# [Data segment]
********

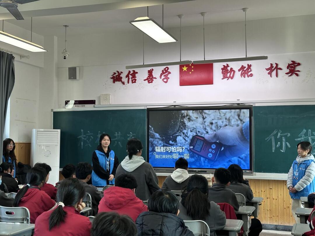 为弘扬“两弹一星”精神,普及核科学技术知识,引导青少年树立正确的科学观,近日,长沙民政职院外语学院“两弹一星”大学生志愿宣讲团走进长沙市雨花区实验中学,开展了一场以“科学认知,合理防护——与辐射和平共处”为主题的科普宣讲活动。
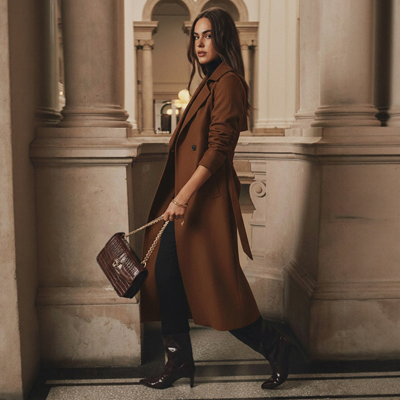 Jego dwurzędowy fason z szerokimi klapami i paskiem w talii nadaje sylwetce proporcji, a ciepły odcień brązu wprowadza do garderoby subtelną elegancję. To model, który świetnie wygląda zarówno w codziennym miejskim rytmie, jak i podczas wyjątkowych okazji.
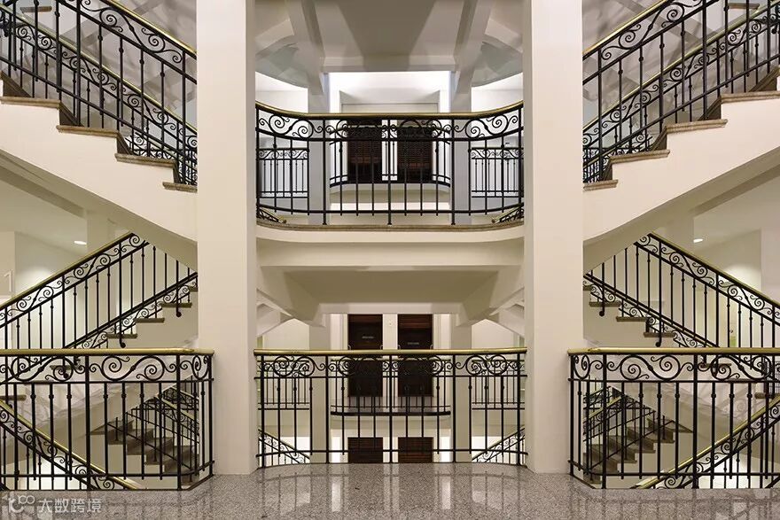 如果希望表现建筑中的透视效果或较大的空间感受,也可以根据现场环境寻找到合适的拍摄角度,梳理线条关系,让其出现带有节奏性的韵律感,这将可以更好地体现建筑的优美。
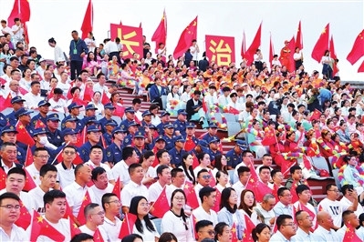 漳泽湖畔,秋风送爽。8月26日,市滨湖文旅服务中心城市阳台波光潋滟,各界群众齐聚于此,共同期待并见证长治与山西省第十七届运动会的深情相约。

********

# [Brief]
Copy the whole listing exactly, excluding the pictures in it.

# [Answer section]
 为弘扬“两弹一星”精神,普及核科学技术知识,引导青少年树立正确的科学观,近日,长沙民政职院外语学院“两弹一星”大学生志愿宣讲团走进长沙市雨花区实验中学,开展了一场以“科学认知,合理防护——与辐射和平共处”为主题的科普宣讲活动。
 Jego dwurzędowy fason z szerokimi klapami i paskiem w talii nadaje sylwetce proporcji, a ciepły odcień brązu wprowadza do garderoby subtelną elegancję. To model, który świetnie wygląda zarówno w codziennym miejskim rytmie, jak i podczas wyjątkowych okazji.
 如果希望表现建筑中的透视效果或较大的空间感受,也可以根据现场环境寻找到合适的拍摄角度,梳理线条关系,让其出现带有节奏性的韵律感,这将可以更好地体现建筑的优美。
 漳泽湖畔,秋风送爽。8月26日,市滨湖文旅服务中心城市阳台波光潋滟,各界群众齐聚于此,共同期待并见证长治与山西省第十七届运动会的深情相约。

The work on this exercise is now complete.